If you are using portable comfy like me, you have tu run command with python inside portable version.
Update2:
After a series of tests, it was found that the driver version was incorrect, and the required driver version was: https://www.amd.com/en/resources/support-articles/release-notes/RN-AMDGPU-WINDOWS-PYTORCH-7-1-1.html
My situation is somewhat similar to yours, with a 9070 (16GB vRAM + 64GB RAM).
And I'm using ComfyUI_windows_portable_amd.7z (0.4.0) with AMD Adrenalin 25.12.1.
However, my mouse initially worked, but after a while, it stopped moving, and the entire system completely froze.
But during multiple attempts, the graphics driver crashed once, and then ComfyUI output the following log:
E:\AI\ComfyUI>SET http_proxy=http://127.0.0.1:10800
E:\AI\ComfyUI>SET https_proxy=http://127.0.0.1:10800
E:\AI\ComfyUI>.\python_embeded\python.exe -s ComfyUI\main.py --windows-standalone-build
Adding extra search path checkpoints E:\AI\StableDiffusion\userspace\models\Stable-diffusion
[WARNING] failed to run amdgpu-arch: binary not found.
Checkpoint files will always be loaded safely.

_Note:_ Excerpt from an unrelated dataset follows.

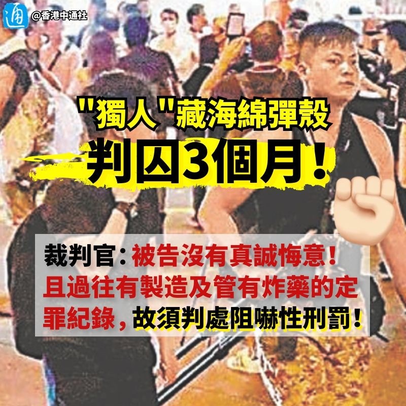 香港新聞網1月2日電 有爆炸品案前科的“獨人”鄭偉成,在“修例風波”期間變身網媒“記者”,活躍於黑暴肆虐前線。2019年8月初,他在觀塘警署附近被警員搜出兩枚已使用過的海綿彈,被控一項無牌管有彈藥罪,早前經審訊後被裁定罪成,昨在觀塘裁判法院被判監3個月。裁判官鍾明新判刑時指,被告在審訊後被定罪,沒有真誠悔意,加上被告過往有製造及管有炸藥的定罪紀錄,故須判處阻嚇性刑罰。 被告鄭偉成(35歲)過去有兩次案底,分別於2015年“光復元朗”反水貨客示威期間,因攜有辣椒油噴劑,在公眾地方管有攻擊性武器而被判監6個月,以及牽涉同年西貢蠔涌爆炸品案,因串謀製造炸藥及管有炸藥被判監兩年10個月。本案發生時他已服刑完畢。 案情透露,警員截查被告期間,從他褲袋內搜出涉案海綿彈殼,當時被告身穿記者背心,他在警誡下稱無參與非法集結。審訊期間,被告於庭上辯稱打算把海綿彈“交還警方”,惟不獲鍾官接納。

Total VRAM 16304 MB, total RAM 65462 MB
pytorch version: 2.9.0+rocmsdk20251116
Set: torch.backends.cudnn.enabled = False for better AMD performance.
AMD arch: gfx1201
ROCm version: (7, 1)
Set vram state to: NORMAL_VRAM
Device: cuda:0 AMD Radeon RX 9070 : native
Enabled pinned memory 29457.0
Using sub quadratic optimization for attention, if you have memory or speed issues try using: --use-split-cross-attention
Python version: 3.12.10 (tags/v3.12.10:0cc8128, Apr 8 2025, 12:21:36) [MSC v.1943 64 bit (AMD64)]
ComfyUI version: 0.4.0
ComfyUI frontend version: 1.33.13
[Prompt Server] web root: E:\AI\ComfyUI\python_embeded\Lib\site-packages\comfyui_frontend_package\static
Total VRAM 16304 MB, total RAM 65462 MB
pytorch version: 2.9.0+rocmsdk20251116
Set: torch.backends.cudnn.enabled = False for better AMD performance.
AMD arch: gfx1201
ROCm version: (7, 1)
Set vram state to: NORMAL_VRAM
Device: cuda:0 AMD Radeon RX 9070 : native
Enabled pinned memory 29457.0
Import times for custom nodes:
0.0 seconds: E:\AI\ComfyUI\ComfyUI\custom_nodes\websocket_image_save.py
Context impl SQLiteImpl.
Will assume non-transactional DDL.
No target revision found.
Starting server
To see the GUI go to: http://127.0.0.1:8188
got prompt
model weight dtype torch.float16, manual cast: None
model_type EPS
Using split attention in VAE
Using split attention in VAE
VAE load device: cuda:0, offload device: cpu, dtype: torch.bfloat16
CLIP/text encoder model load device: cuda:0, offload device: cpu, current: cpu, dtype: torch.float16
Requested to load SD1ClipModel
loaded completely; 14633.80 MB usable, 235.84 MB loaded, full load: True
Requested to load BaseModel
loaded completely; 14266.08 MB usable, 1639.41 MB loaded, full load: True
100%|██████████████████████████████████████████████████████████████████████████████████| 20/20 [00:22<00:00, 1.14s/it]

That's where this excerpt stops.